OTOH, who knows what would happen if you somehow managed to combine the generating capabilities of a language model with a proper inference engine, e.g. Wolfram|Alpha. Maybe it would bring us significantly closer to AGI, but maybe that way is also a dead-end because it's not guaranteed that those systems would work well together.

Tainnor · on June 5, 2023

The biggest giveaway is that it doesn't have an internally consistent model of what it's trying to do.

For example, I've once asked it to "prove that first order logic is not complete", a statement which is false, given that every logic textbook will give you a proof for why first order logic is complete. ChatGPT apparently knew this too, because it happily reproduced that result but somehow thought that it was a valid answer for what I asked for (the valid answer would have been "I can't prove this because it's wrong").

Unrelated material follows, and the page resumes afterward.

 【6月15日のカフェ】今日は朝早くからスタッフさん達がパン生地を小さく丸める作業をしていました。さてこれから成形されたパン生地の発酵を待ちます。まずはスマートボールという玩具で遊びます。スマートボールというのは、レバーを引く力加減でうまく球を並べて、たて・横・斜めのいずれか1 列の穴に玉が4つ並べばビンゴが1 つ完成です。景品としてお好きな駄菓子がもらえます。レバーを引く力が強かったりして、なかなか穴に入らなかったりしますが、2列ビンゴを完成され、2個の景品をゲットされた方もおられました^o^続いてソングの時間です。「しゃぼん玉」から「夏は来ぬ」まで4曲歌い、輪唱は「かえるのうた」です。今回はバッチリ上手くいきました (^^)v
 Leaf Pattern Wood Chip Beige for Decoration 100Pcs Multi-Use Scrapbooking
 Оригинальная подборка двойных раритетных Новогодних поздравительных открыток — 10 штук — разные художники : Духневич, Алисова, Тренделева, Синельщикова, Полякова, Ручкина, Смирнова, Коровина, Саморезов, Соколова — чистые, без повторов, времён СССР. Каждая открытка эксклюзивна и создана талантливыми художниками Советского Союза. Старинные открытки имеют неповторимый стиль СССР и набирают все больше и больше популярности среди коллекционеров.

I can't reproduce this exact result right now (in fact when I tried, it just proved something slightly different, which was correct but not exactly what I asked for). But I was able to similarly confuse it by asking it to prove that the equation x^3+y^3=z^3 has solutions. That this is true is immediately apparent by x=y=z=0, but ChatGPT replies with:

> The equation x^3 + y^3 = z^3 represents a special case of Fermat's Last Theorem, which states that there are no solutions to the equation x^n + y^n = z^n for any integer values of n greater than 2.

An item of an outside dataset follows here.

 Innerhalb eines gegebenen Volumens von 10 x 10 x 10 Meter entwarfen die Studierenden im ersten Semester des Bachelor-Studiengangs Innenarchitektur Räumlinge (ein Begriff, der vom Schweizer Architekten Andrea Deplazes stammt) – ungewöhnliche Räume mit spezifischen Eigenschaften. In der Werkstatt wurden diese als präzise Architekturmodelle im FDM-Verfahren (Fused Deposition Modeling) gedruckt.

> For the case of n = 3, the equation x^3 + y^3 = z^3 has infinitely many solutions. One such set of solutions is known as Pythagorean triples, where x, y, and z are positive integers.

> A Pythagorean triple is a set of three positive integers (x, y, z) that satisfy the equation x^2 + y^2 = z^2, which is equivalent to (x^2)^(3/2) + (y^2)^(3/2) = (z^2)^(3/2). By raising both sides to the power of 3/2, we get x^3 + y^3 = z^3.

> For example, the Pythagorean triple (3, 4, 5) satisfies 3^3 + 4^3 = 5^3 (27 + 64 = 125).

This answer is just confused on so many levels:

- It quotes back Fermat's Last Theorem at me (as indeed I hoped it would), but that theorem only applies to positive integer solutions and nowhere did I specify that constraint.

- If the Theorem did apply, then it would be a proof that such solutions don't exist. So ChatGPT has no internal understanding of how a theorem it quotes relates to a specific question, it just parrots off things that look vaguely similar to the input.

- Then, it just tells me what Pythagorean Triples are, which is hilarious, because those are the solutions to x^2+y^2=z^2 - and not what I asked. It then tries to somehow transform Pythagorean triples into (non-integer) solutions of my equation (which doesn't work), and then doesn't even apply the transformation to its own example (and the calculation is just... wrong).

The problem IMO is not that ChatGPT gives a wrong answer, it's that its answer isn't even internally consistent.

pixl97 · on June 5, 2023

Are you using code interpreter to get the answers, or is this just based GPT4?

Tainnor · on June 5, 2023

what do you mean? It's ChatGPT. Quite possibly GPT-4 performs a bit better but the underlying principle is the same.

kytazo · on June 5, 2023

Aristotle has defined logic in Organon.

https://en.wikipedia.org/wiki/Organon

kytazo · on June 5, 2023

For the people downvoting, his work was literally where logic originates from. Not only he theorized about it but he also described the exact rules which define logic.

The origin of the very word Logic has its roots in that exact era as phrased at the time, by the very people who came up with its ruleset in the first place.

You may define logic otherwise but in the context of past occurrences they're more or less irrelevant.